# [Work to be completed]
Write out the listing below in its entirety, minus the pictures, without changing a word.
-------- Available records --------
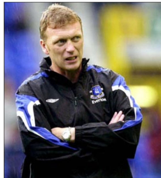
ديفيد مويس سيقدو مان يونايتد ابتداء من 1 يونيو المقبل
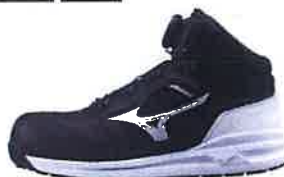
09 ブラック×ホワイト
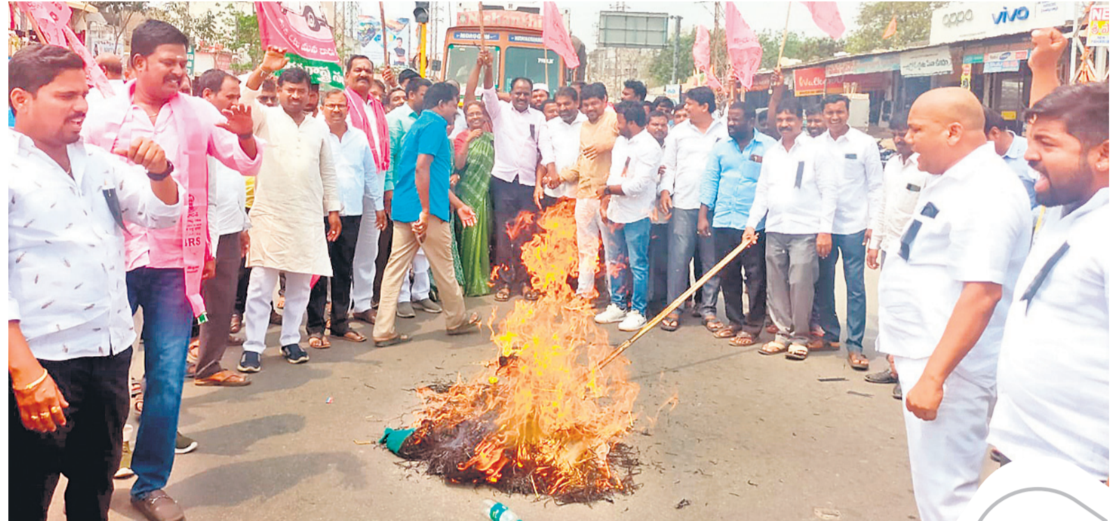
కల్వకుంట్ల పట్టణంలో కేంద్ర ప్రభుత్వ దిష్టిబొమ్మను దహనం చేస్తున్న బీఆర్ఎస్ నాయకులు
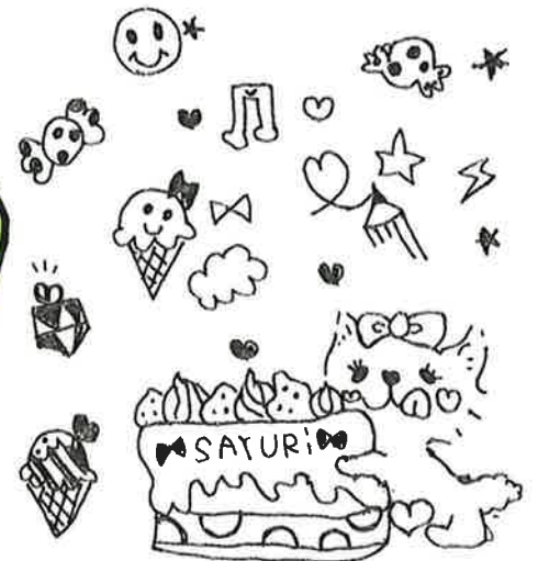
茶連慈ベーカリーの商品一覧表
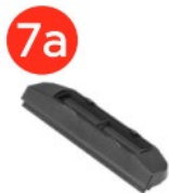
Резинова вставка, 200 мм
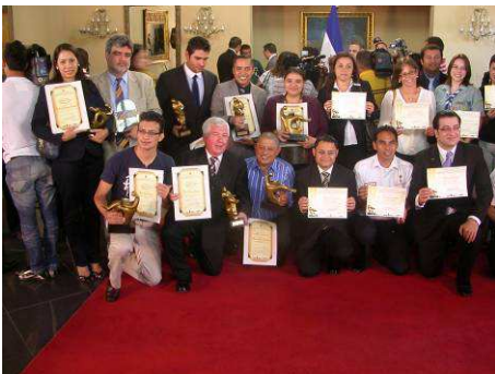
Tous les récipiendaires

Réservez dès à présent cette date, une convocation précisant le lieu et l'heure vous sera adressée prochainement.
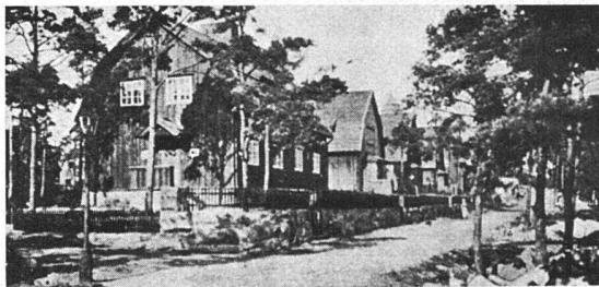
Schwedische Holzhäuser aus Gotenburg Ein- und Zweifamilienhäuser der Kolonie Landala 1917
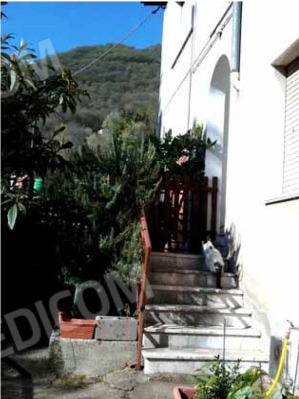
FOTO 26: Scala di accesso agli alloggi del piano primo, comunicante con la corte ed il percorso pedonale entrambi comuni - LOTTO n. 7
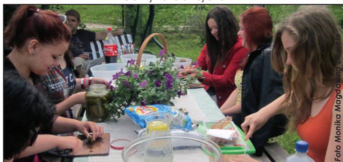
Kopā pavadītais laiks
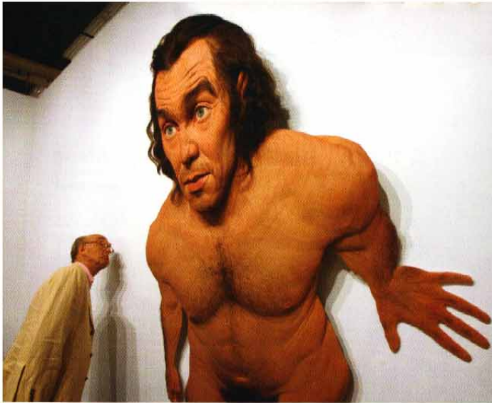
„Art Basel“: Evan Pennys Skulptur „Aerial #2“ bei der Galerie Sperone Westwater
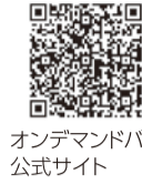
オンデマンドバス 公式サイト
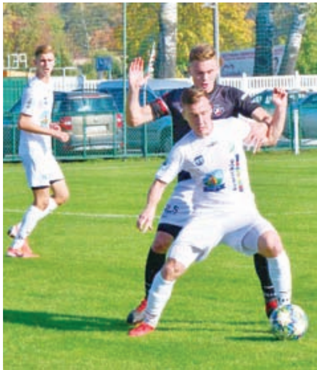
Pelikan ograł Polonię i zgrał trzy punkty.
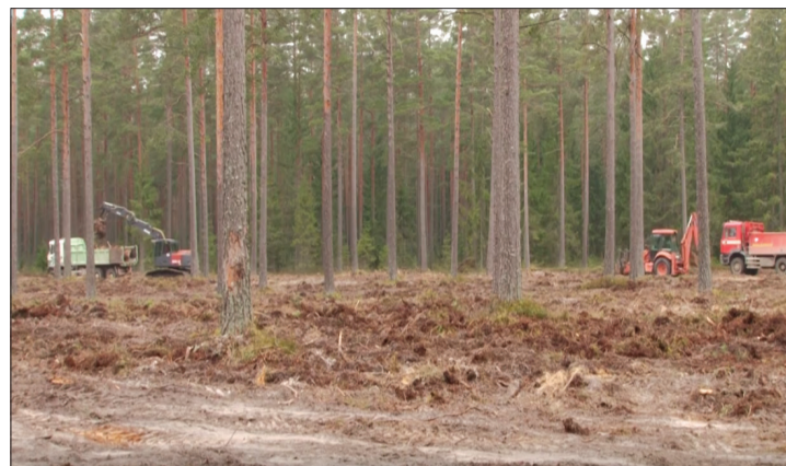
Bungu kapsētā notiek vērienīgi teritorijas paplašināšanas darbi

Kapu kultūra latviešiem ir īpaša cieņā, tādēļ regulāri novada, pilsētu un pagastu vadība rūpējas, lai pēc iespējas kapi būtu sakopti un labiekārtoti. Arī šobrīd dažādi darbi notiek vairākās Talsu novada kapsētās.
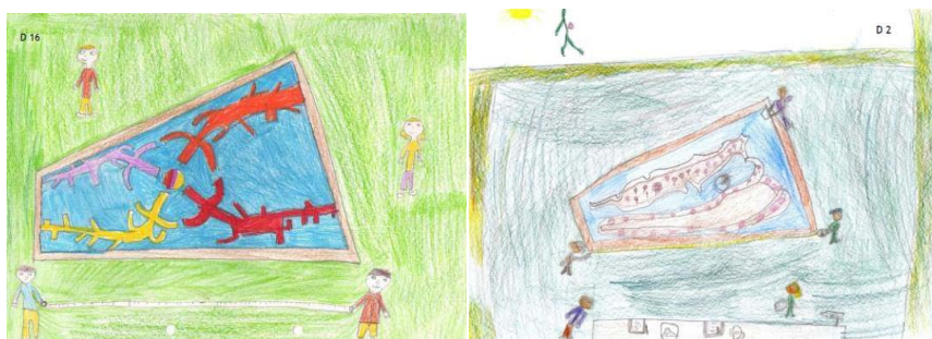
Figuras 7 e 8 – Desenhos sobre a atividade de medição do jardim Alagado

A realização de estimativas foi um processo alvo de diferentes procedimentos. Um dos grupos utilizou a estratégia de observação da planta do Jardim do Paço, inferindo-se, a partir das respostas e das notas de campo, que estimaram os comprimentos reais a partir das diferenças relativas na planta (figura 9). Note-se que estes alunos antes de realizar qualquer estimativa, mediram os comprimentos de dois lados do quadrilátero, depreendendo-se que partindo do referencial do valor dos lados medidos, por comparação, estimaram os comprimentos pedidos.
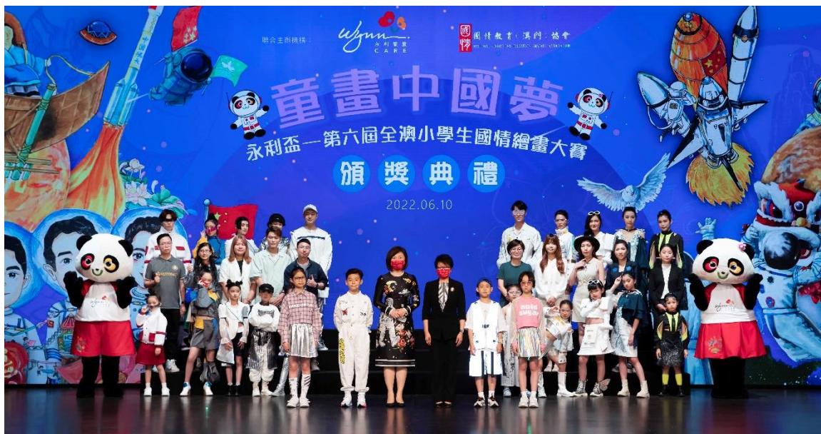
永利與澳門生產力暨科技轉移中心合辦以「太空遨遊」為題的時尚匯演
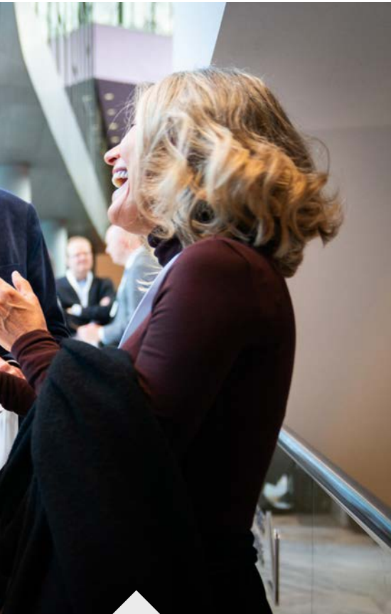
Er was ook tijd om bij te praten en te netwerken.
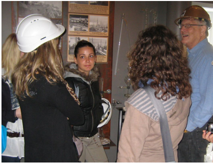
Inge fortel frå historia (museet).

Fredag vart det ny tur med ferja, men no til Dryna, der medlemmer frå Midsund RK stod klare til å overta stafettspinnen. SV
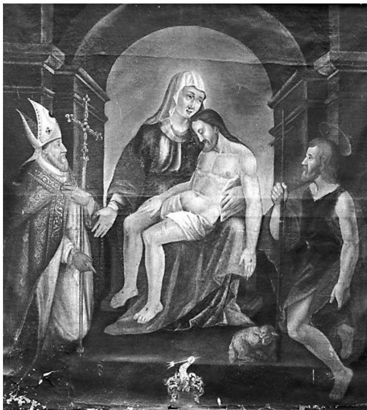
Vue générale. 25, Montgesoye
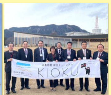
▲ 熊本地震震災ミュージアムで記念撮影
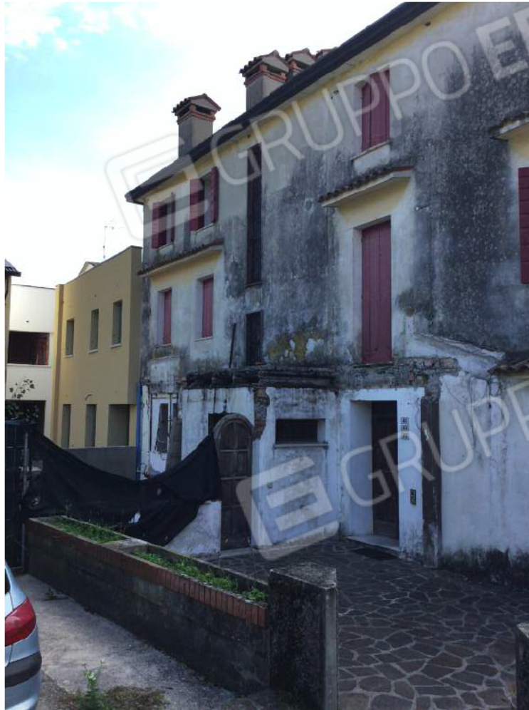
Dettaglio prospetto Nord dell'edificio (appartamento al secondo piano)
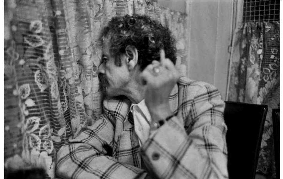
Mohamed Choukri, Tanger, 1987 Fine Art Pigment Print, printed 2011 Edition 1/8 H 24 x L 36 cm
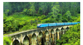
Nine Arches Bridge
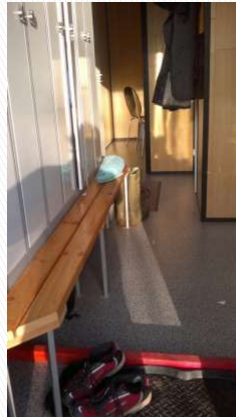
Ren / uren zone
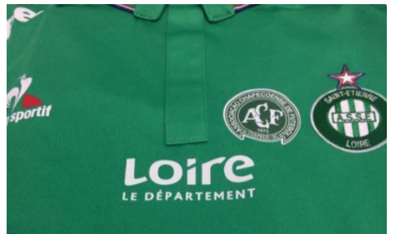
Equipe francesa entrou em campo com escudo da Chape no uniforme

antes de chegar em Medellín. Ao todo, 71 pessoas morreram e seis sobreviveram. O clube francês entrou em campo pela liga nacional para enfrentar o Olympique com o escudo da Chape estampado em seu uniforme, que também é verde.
--------
# [Solution]
ديفيد مويس سيقدو مان يونايتد ابتداء من 1 يونيو المقبل
09 ブラック×ホワイト
కల్వకుంట్ల పట్టణంలో కేంద్ర ప్రభుత్వ దిష్టిబొమ్మను దహనం చేస్తున్న బీఆర్ఎస్ నాయకులు
茶連慈ベーカリーの商品一覧表
Резинова вставка, 200 мм
Tous les récipiendaires

Réservez dès à présent cette date, une convocation précisant le lieu et l'heure vous sera adressée prochainement.
Schwedische Holzhäuser aus Gotenburg Ein- und Zweifamilienhäuser der Kolonie Landala 1917
FOTO 26: Scala di accesso agli alloggi del piano primo, comunicante con la corte ed il percorso pedonale entrambi comuni - LOTTO n. 7
Kopā pavadītais laiks
„Art Basel“: Evan Pennys Skulptur „Aerial #2“ bei der Galerie Sperone Westwater
オンデマンドバス 公式サイト
Pelikan ograł Polonię i zgrał trzy punkty.
Bungu kapsētā notiek vērienīgi teritorijas paplašināšanas darbi

Kapu kultūra latviešiem ir īpaša cieņā, tādēļ regulāri novada, pilsētu un pagastu vadība rūpējas, lai pēc iespējas kapi būtu sakopti un labiekārtoti. Arī šobrīd dažādi darbi notiek vairākās Talsu novada kapsētās.
Figuras 7 e 8 – Desenhos sobre a atividade de medição do jardim Alagado

A realização de estimativas foi um processo alvo de diferentes procedimentos. Um dos grupos utilizou a estratégia de observação da planta do Jardim do Paço, inferindo-se, a partir das respostas e das notas de campo, que estimaram os comprimentos reais a partir das diferenças relativas na planta (figura 9). Note-se que estes alunos antes de realizar qualquer estimativa, mediram os comprimentos de dois lados do quadrilátero, depreendendo-se que partindo do referencial do valor dos lados medidos, por comparação, estimaram os comprimentos pedidos.
永利與澳門生產力暨科技轉移中心合辦以「太空遨遊」為題的時尚匯演
Er was ook tijd om bij te praten en te netwerken.
Inge fortel frå historia (museet).

Fredag vart det ny tur med ferja, men no til Dryna, der medlemmer frå Midsund RK stod klare til å overta stafettspinnen. SV
Vue générale. 25, Montgesoye
▲ 熊本地震震災ミュージアムで記念撮影
Dettaglio prospetto Nord dell'edificio (appartamento al secondo piano)
Mohamed Choukri, Tanger, 1987 Fine Art Pigment Print, printed 2011 Edition 1/8 H 24 x L 36 cm
Nine Arches Bridge
Ren / uren zone
Equipe francesa entrou em campo com escudo da Chape no uniforme

antes de chegar em Medellín. Ao todo, 71 pessoas morreram e seis sobreviveram. O clube francês entrou em campo pela liga nacional para enfrentar o Olympique com o escudo da Chape estampado em seu uniforme, que também é verde.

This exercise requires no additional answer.